** Source data follows **

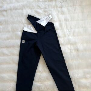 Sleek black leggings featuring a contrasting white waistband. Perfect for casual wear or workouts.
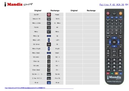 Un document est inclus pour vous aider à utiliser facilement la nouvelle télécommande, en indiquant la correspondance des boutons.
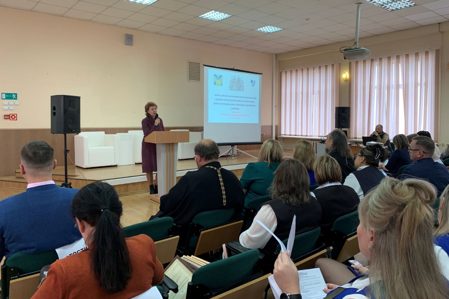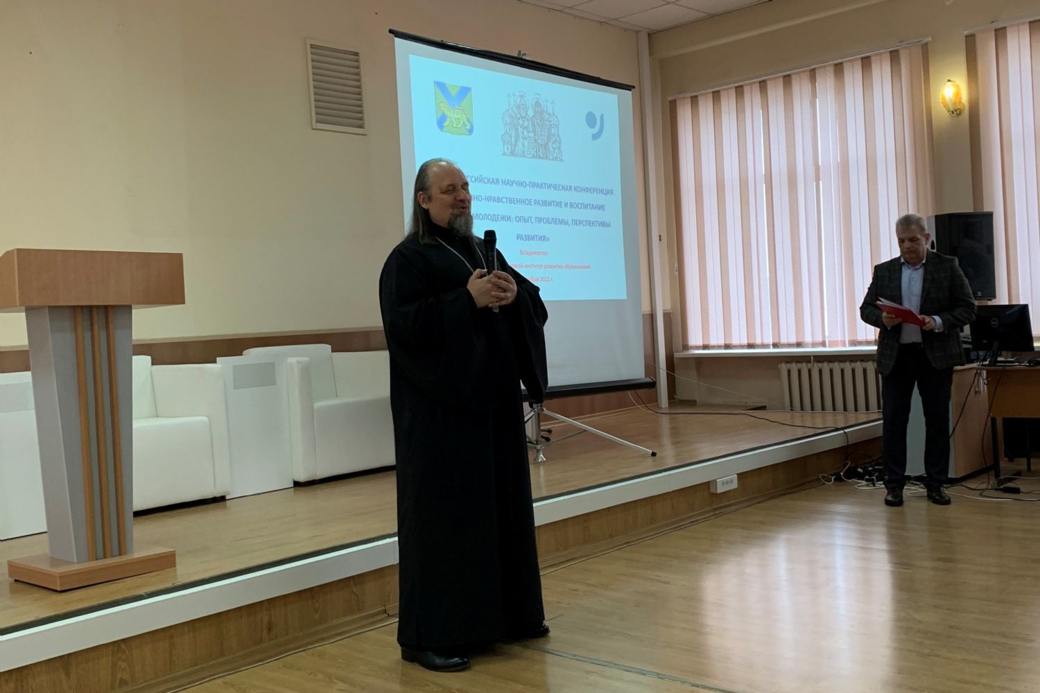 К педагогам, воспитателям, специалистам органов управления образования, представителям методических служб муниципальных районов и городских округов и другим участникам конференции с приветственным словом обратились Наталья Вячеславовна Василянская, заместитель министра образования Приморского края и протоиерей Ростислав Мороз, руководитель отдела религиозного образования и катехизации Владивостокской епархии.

** End of Source data **

Work item: The preceding listing is to be restated word for word, with every picture omitted.

Exercise answer:
 Sleek black leggings featuring a contrasting white waistband. Perfect for casual wear or workouts.
 Un document est inclus pour vous aider à utiliser facilement la nouvelle télécommande, en indiquant la correspondance des boutons.
 К педагогам, воспитателям, специалистам органов управления образования, представителям методических служб муниципальных районов и городских округов и другим участникам конференции с приветственным словом обратились Наталья Вячеславовна Василянская, заместитель министра образования Приморского края и протоиерей Ростислав Мороз, руководитель отдела религиозного образования и катехизации Владивостокской епархии.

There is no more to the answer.